Thanks, Hylander. The full screen slideshow is in test and my understanding is it has at least one known bug. I don't know how long it will take to fix or how much other testing it still needs, I'm sorry to say, but usually being in test for awhile and being down to one known bug is a good sign.
For Adsense, we're thinking about the best way to do this but have not begun work. We have many very large household-name accounts such as newspapers who depend on Adsense, so this is something we'd love to solve if we can. These sites have IT departments who know the perils of JavaScript security so they'd vastly prefer we built an Adsense app into new SmugMug like we did with WuFoo forms, but we have not scoped it. I'm sorry I don't have more info for you yet.

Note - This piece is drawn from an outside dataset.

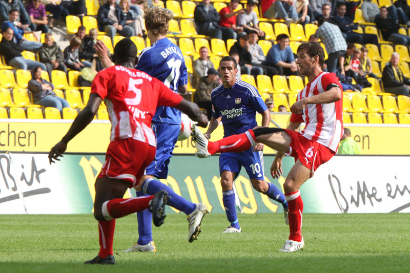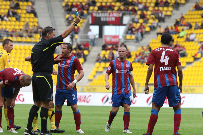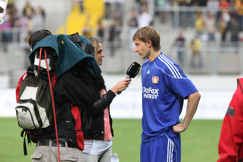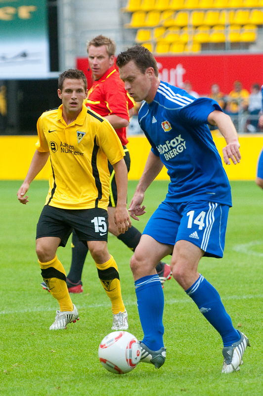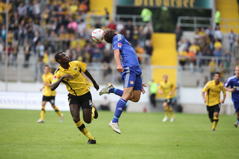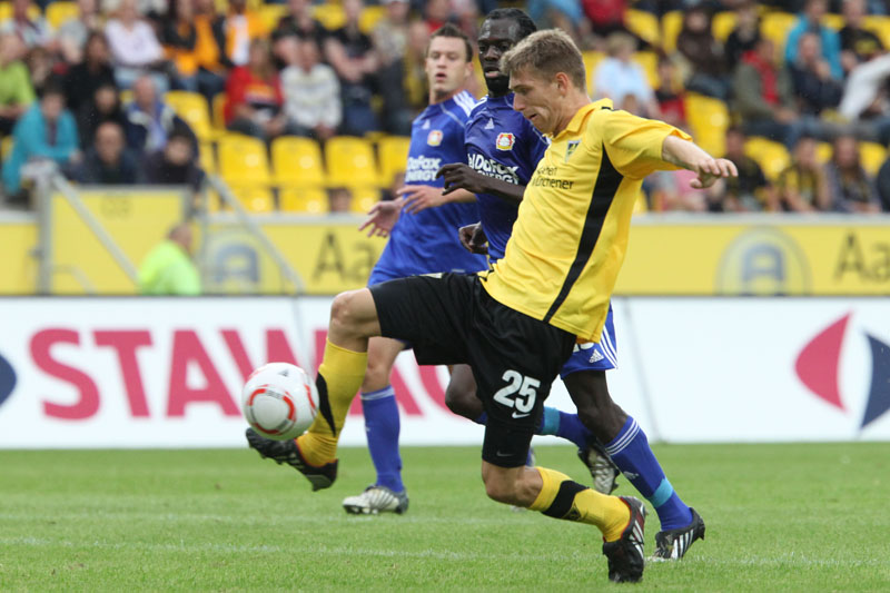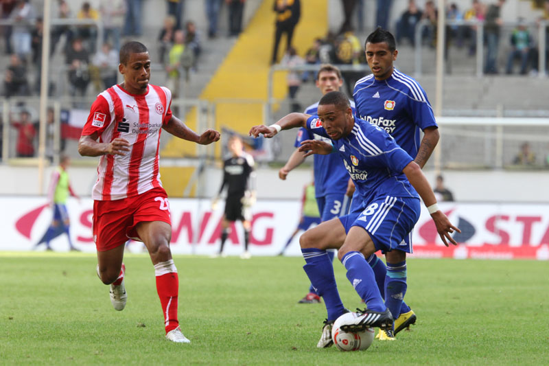 Während das Team von Peter Hyballa daraufhin kurz durchatmen konnte und auf der Tribüne Platz nahm, ging es für die Fortuna gleich weiter. Auf das Team von Norbert Meyer wartete im zweiten Spiel des Tages Erstligist und Europaleague-Teilnehmer Bayer Leverkusen – und die hatten mit Stefan Kießling, Patrick Helmes oder Sami Hyypiä gleich einige Hochkaräter auf dem Platz stehen. Leverkusens Finne stand gleich zu Beginn der Partie im Mittelpunkt, als er eine Hereingabe im eigenen Strafraum mit der Hand bereinigte. Schiedsrichter Thorsten Kinhöfer zeigte ohne zu Zögern auf den Punkt, doch Marco Christ vergab und traf nur den rechten Außenpfosten (3.). Leverkusen hatte im Anschluss daran deutlich mehr Spielanteile, doch es war die Fortuna, die zunächst erfolgreich war: Patrick Zoundi ließ Bayers Keeper Fernandez keine Chance und traf sicher zum 1:0 (22.).

Thank you for responding, and hopefully the slideshow will be ready "soon"
As for the second issue with Adsense, if it's true you have these large customers who rely and depend on it, shouldn't this have been something you have "scoped" and/or planned for BEFORE the launch of the new system? I'm really glad I didn't launch my "new" site by being dazzled with the pretty new interface without first thoroughly exploring all the options and discovering all the limitations compared to the old system. For something along the lines of Adsense, I have no problem if it were 'built in' like the WuFoo forms - as long as it's there to be used and implemented on our sites. I'm sure you all have your plates more than full with requests of the new system, but I do hope you begin looking at this shortly.
Similar to Adsense, PayPal / Self-fulfillment options are being used on countless sites throughout the web also.
With PayPal being in the $$$ business wouldn't they be pretty vigilant about their operations regarding JS.
Now I'm far from Johnny Technology as it were, but with this seemingly urgent concern over JS security now being manifested how is it that SmugMug could have somehow managed to not have a single issue up to now???
Bearing in mind any of us could have added virtually anything in the JS options we so desired over like the last... what is it now...like about10 years or so???
What am I missing?
Either way I'm willing to accept that danger is lurking just around every corner and for the greater good SmugMug will in fact protect us all.
But the thought that some of these can and should be implemented in the methods being proposed already is encouraging enough for me to stick around - I just can't / won't unveil without some sort of PayPal option available...
how is it that SmugMug could have somehow managed to not have a single issue up to now???
Bearing in mind any of us could have added virtually anything in the JS options we so desired over like the last... what is it now...like about10 years or so???
What am I missing?
And, for those not switched over from legacy, still can add anything in the jS options. I wonder if the Smugmug lawyer team have been looking for something to do since the patent wars and have come up with this 'if you don't do x you'll be sued' list...
The "Advanced Customizers" will have access to do JavaScript applications, but you and I will not. As of now, though, SM hasn't turned them on to do it for clients. We'll have to sit tight a bit into this roll out and see what happens
Who said they couldn't? They've been running custom JavaScript components on their sites since literally day one of New SmugMug.
So are others. The guy who hacked the collage gallery on old smugmug has a version running on new smugmug. Note that his collage layout actually makes images large enough to be visible and has reasonable line breaks. In other words, it doesn't suck, unlike the current smugmug implementation: http://www.sherlockphotography.org/Other/Montage-thumbnails-example/n-FzQnB
He can probably fix the width between photos too, because he controls the layout. We can't do that. We can adjust the gallery thumb spacing, but nothing about the gallery itself.
Haha, that's my site. The difference is that SmugMug provides the support for Fastline to do it, and it only works on my site due to a dodgy hack.
I did a side-by-side comparison, and my layout actually ends up being almost identical to the SmugMug one, except I always finish the gallery with a nicely filled row instead of SmugMug nearly always ending on 1 or 2 photos left over. A lot of the difference is due to the fact that I'm willing to crop photos to make them fit better, which allows for more evenly-sized rows (though if you add borders to your own photos, that will make them look terrible).
Comments
Thanks - I know I come across frustrated, because I really really am frustrated. I don't know whether I'll end up having one months notice to dump SM and move to Zenfolio, or whether I'll only be up for dozens of hours rebuilding my site on SM at some stage.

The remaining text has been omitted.